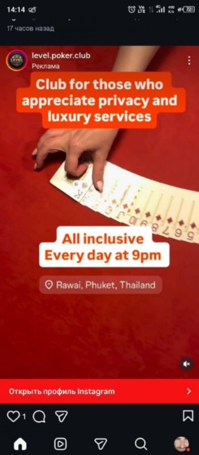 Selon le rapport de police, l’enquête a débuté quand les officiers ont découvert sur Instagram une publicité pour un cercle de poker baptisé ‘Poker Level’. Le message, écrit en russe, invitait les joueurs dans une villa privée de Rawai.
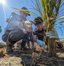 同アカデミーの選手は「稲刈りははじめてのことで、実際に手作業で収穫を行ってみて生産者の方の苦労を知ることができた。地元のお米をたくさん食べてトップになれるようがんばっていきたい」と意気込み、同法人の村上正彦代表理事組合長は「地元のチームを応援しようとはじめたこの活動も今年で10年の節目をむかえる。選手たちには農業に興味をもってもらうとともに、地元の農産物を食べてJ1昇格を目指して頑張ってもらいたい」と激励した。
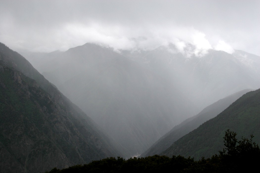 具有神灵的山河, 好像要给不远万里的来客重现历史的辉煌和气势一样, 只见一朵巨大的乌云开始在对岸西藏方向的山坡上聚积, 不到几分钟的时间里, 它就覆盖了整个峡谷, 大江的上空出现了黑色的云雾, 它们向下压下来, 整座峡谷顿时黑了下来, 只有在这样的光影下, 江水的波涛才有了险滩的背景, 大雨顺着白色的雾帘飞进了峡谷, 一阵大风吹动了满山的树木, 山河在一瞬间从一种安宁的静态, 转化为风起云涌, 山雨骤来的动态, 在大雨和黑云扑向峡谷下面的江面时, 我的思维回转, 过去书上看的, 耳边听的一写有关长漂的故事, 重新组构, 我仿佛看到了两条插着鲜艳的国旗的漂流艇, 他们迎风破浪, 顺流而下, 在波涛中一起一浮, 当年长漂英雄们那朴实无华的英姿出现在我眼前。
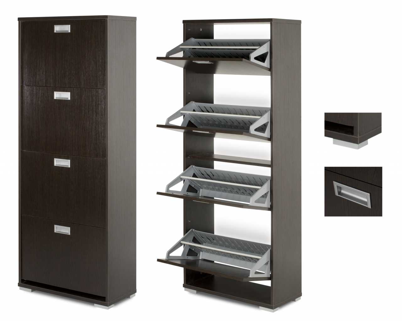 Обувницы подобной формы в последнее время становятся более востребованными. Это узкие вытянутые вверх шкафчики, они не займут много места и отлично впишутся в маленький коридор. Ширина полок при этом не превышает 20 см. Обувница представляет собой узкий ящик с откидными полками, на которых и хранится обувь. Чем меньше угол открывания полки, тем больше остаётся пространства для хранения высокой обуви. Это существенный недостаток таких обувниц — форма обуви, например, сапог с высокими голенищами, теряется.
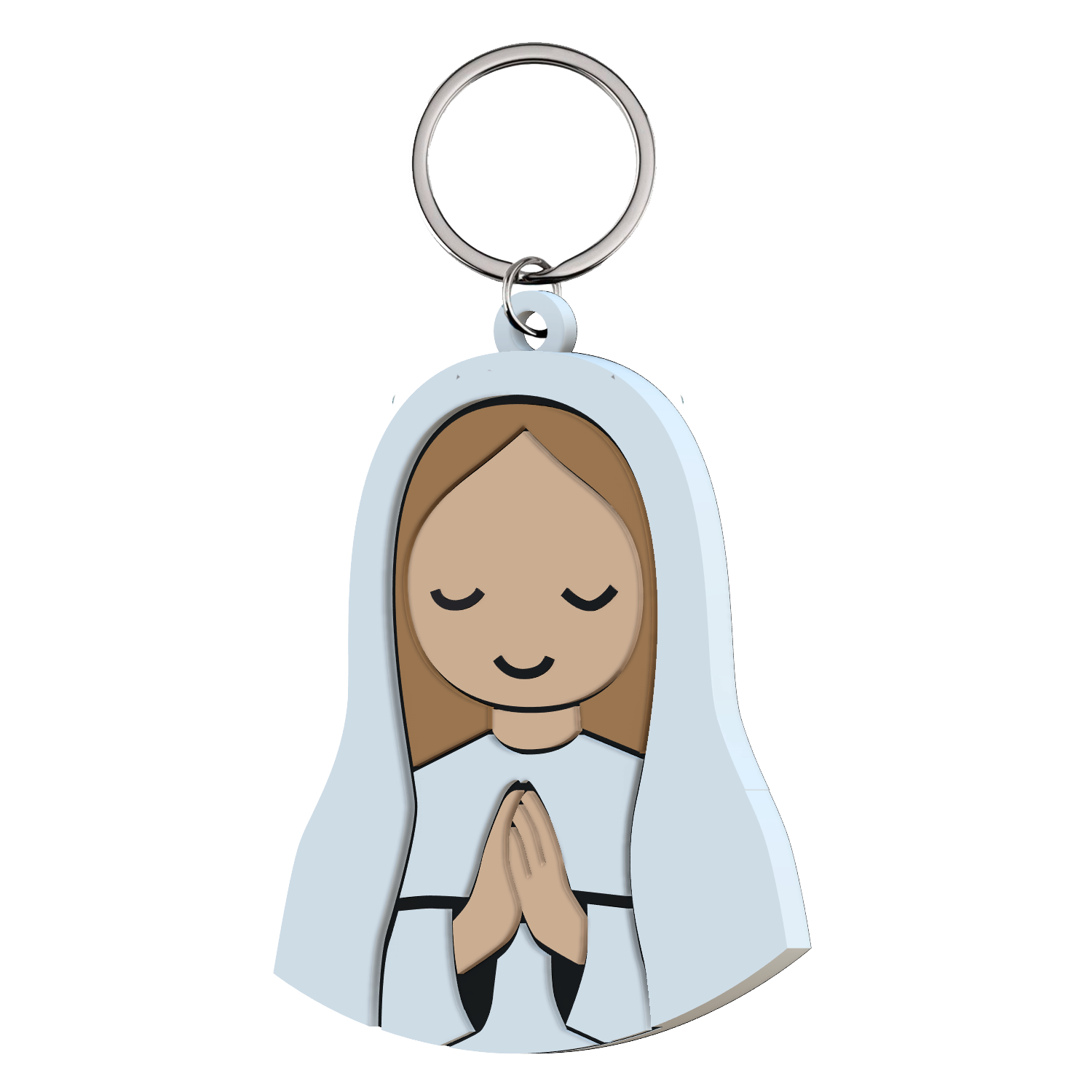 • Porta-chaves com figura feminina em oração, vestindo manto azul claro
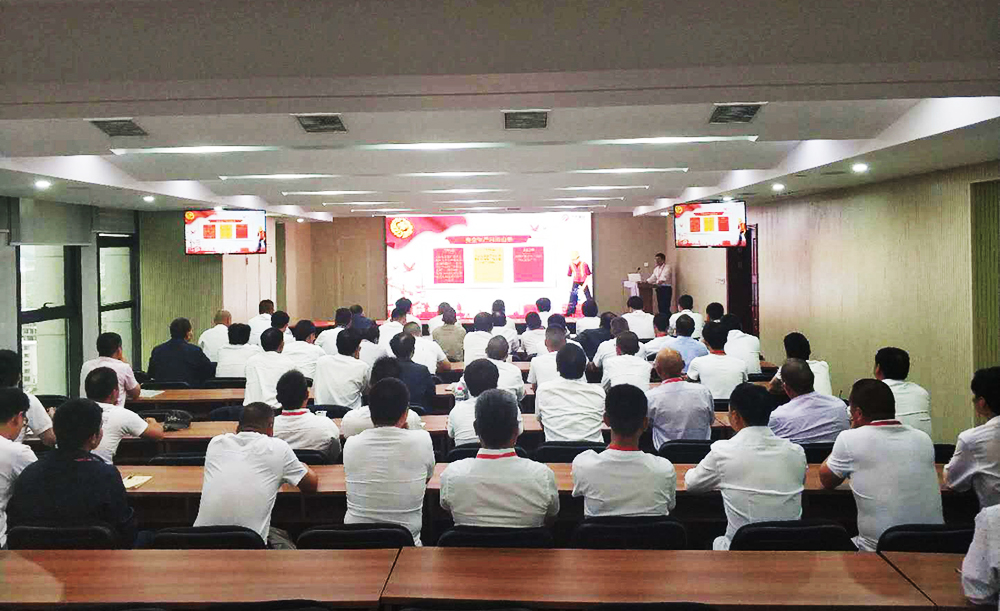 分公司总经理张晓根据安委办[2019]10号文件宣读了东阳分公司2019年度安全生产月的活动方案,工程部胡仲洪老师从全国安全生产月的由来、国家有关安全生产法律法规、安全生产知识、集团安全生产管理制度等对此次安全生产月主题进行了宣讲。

---

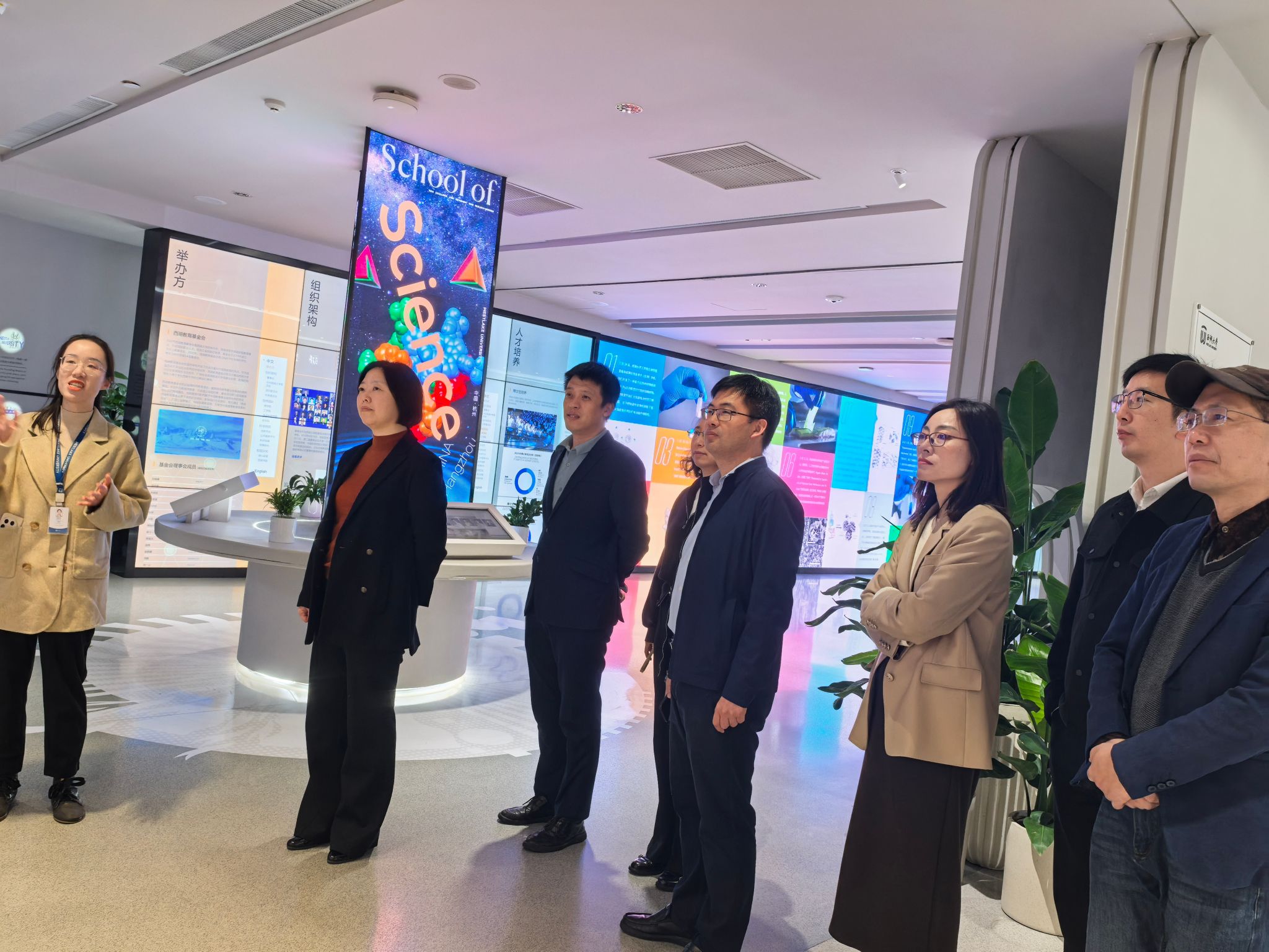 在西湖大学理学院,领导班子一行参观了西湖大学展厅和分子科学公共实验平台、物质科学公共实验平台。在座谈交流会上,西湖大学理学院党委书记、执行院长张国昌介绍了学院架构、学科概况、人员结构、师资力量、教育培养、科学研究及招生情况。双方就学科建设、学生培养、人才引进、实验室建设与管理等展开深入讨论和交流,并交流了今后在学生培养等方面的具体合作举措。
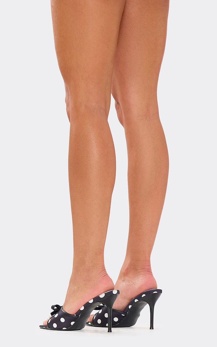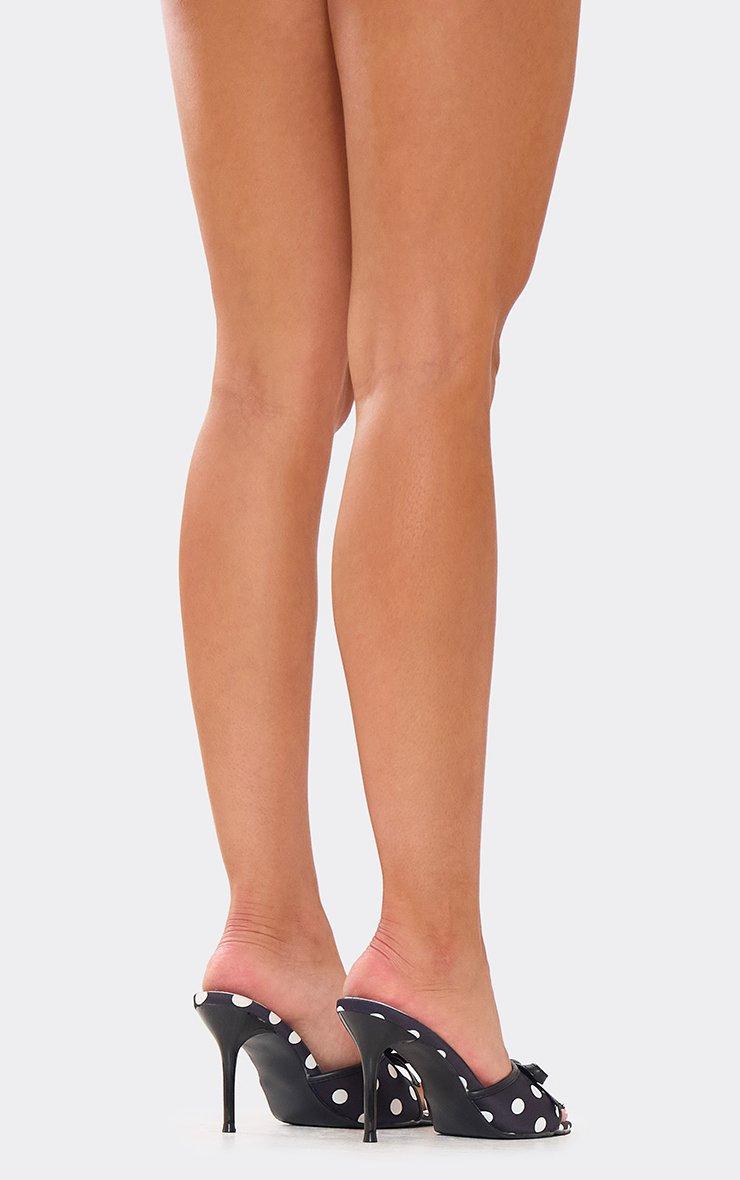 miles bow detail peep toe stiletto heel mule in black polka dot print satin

--

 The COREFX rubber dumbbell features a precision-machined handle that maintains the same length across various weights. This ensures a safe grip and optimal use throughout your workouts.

Task description. Output exactly, and only, the lines of the entries above from the one with "Selon le rapport" up to and including the one with "分公司总经理张晓根据安委办[2019]1"; pictures are to be left out.

Answer box.
 Selon le rapport de police, l’enquête a débuté quand les officiers ont découvert sur Instagram une publicité pour un cercle de poker baptisé ‘Poker Level’. Le message, écrit en russe, invitait les joueurs dans une villa privée de Rawai.
 同アカデミーの選手は「稲刈りははじめてのことで、実際に手作業で収穫を行ってみて生産者の方の苦労を知ることができた。地元のお米をたくさん食べてトップになれるようがんばっていきたい」と意気込み、同法人の村上正彦代表理事組合長は「地元のチームを応援しようとはじめたこの活動も今年で10年の節目をむかえる。選手たちには農業に興味をもってもらうとともに、地元の農産物を食べてJ1昇格を目指して頑張ってもらいたい」と激励した。
 具有神灵的山河, 好像要给不远万里的来客重现历史的辉煌和气势一样, 只见一朵巨大的乌云开始在对岸西藏方向的山坡上聚积, 不到几分钟的时间里, 它就覆盖了整个峡谷, 大江的上空出现了黑色的云雾, 它们向下压下来, 整座峡谷顿时黑了下来, 只有在这样的光影下, 江水的波涛才有了险滩的背景, 大雨顺着白色的雾帘飞进了峡谷, 一阵大风吹动了满山的树木, 山河在一瞬间从一种安宁的静态, 转化为风起云涌, 山雨骤来的动态, 在大雨和黑云扑向峡谷下面的江面时, 我的思维回转, 过去书上看的, 耳边听的一写有关长漂的故事, 重新组构, 我仿佛看到了两条插着鲜艳的国旗的漂流艇, 他们迎风破浪, 顺流而下, 在波涛中一起一浮, 当年长漂英雄们那朴实无华的英姿出现在我眼前。
 Обувницы подобной формы в последнее время становятся более востребованными. Это узкие вытянутые вверх шкафчики, они не займут много места и отлично впишутся в маленький коридор. Ширина полок при этом не превышает 20 см. Обувница представляет собой узкий ящик с откидными полками, на которых и хранится обувь. Чем меньше угол открывания полки, тем больше остаётся пространства для хранения высокой обуви. Это существенный недостаток таких обувниц — форма обуви, например, сапог с высокими голенищами, теряется.
 • Porta-chaves com figura feminina em oração, vestindo manto azul claro
 分公司总经理张晓根据安委办[2019]10号文件宣读了东阳分公司2019年度安全生产月的活动方案,工程部胡仲洪老师从全国安全生产月的由来、国家有关安全生产法律法规、安全生产知识、集团安全生产管理制度等对此次安全生产月主题进行了宣讲。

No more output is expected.